Вы читали «Книгу для юных леди»? У вас было достаточно времени, чтобы сделать это, ибо она была опубликована в 1829 году. Две анонимные дамы, составившие ее, описали ее как «Руководство по изящным развлечениям, упражнениям и занятиям». Вы удивляетесь, что им не пришло в голову ничего получше? Вы подозреваете их в легкомыслии? Поверьте, это не так. Они с самого начала позаботились объяснить, что добродетели характера — это то, что юная леди должна культивировать наиболее усердно. Они, в свое время, трудясь в тени восемнадцатого века, каким-то образом обладали тем высоким моральным рвением, которое знаменует начало двадцатого века и, как говорят, пришло вместе с мистером Джорджем Бернардом Шоу. Но, в отличие от нас, они не были озабочены исключительно внутренней и духовной стороной жизни. Их заботила и материальная поверхность. Они были сведущи в рюшах и оборках вещей. Они даже посвятили целую главу «Вышиванию». Другую они отвели «Стрельбе из лука», еще одну — «Птичнику», следующую — «Письменному столу». Юные леди сейчас не держат птиц и не стреляют из лука, но они все же, в некоторой мере, пишут письма; и поэтому, ради исторического сравнения, позвольте мне дать вам возможность взглянуть на главу о «Письменном столе». Это чтение не из легких.

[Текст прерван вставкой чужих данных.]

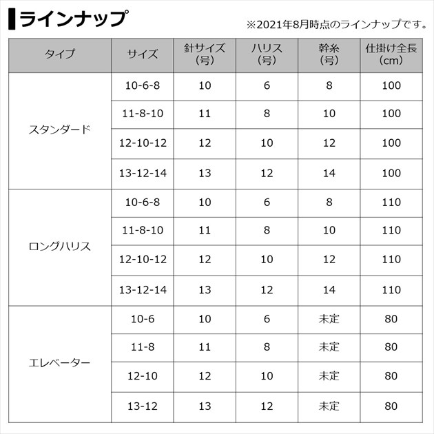 タイプ:エレベーター 針13号 ハリス12号 仕掛全長:80cm ※実物と色が違って見える場合があります。あらかじめご了承下さい。

«Для небрежных каракулей у вас нет оправданий; Прекрасная Рассел писала так же разумно, как и говорила».

Так озаглавлена глава, с восхитительной маленькой гравюрой на дереве, изображающей «Прекрасную Рассел», выглядящую подчеркнуто разумной за своим столом, чтобы подготовить читателя к неминуемому потоку правил «благопристойного сочинительства». Не то чтобы педантизм одобрялся. «Легкость и простота, ровный поток непринужденной дикции и безыскусное расположение очевидных чувств» — вот идеал, к которому следует стремиться. «Метафора может быть использована с выгодой» любой юной леди, но только «если она возникает естественно». И «аллюзии элегантны», но только «когда они введены легко и когда они хорошо понятны тем, к кому обращены». «Антитеза придает отрывку пикантность»; но ужасные результаты слишком частого увлечения ею безжалостно изложены. Страницы и страницы посвящены тщательному обзору подводных камней пунктуации. Но когда юная леди того периода обходила все это и соблюдала все многообразные правила каллиграфии, изложенные здесь для нее, она даже тогда не была вне опасности. Особое внимание уделялось «использованию печати». Горькое презрение изливалось на юных леди, которые неправильно использовали печать. «У некоторых есть привычка совать воск в пламя свечи, и, как только кусочек его расплавится, мазать его на бумагу; а когда соберется неприглядная масса, с нелепой поспешностью проводить по ней печатью — прижимать ее со всей силой, которой обладает запечатывающая сторона, — и результатом становится оттиск, вызывающий румянец на ее щеках».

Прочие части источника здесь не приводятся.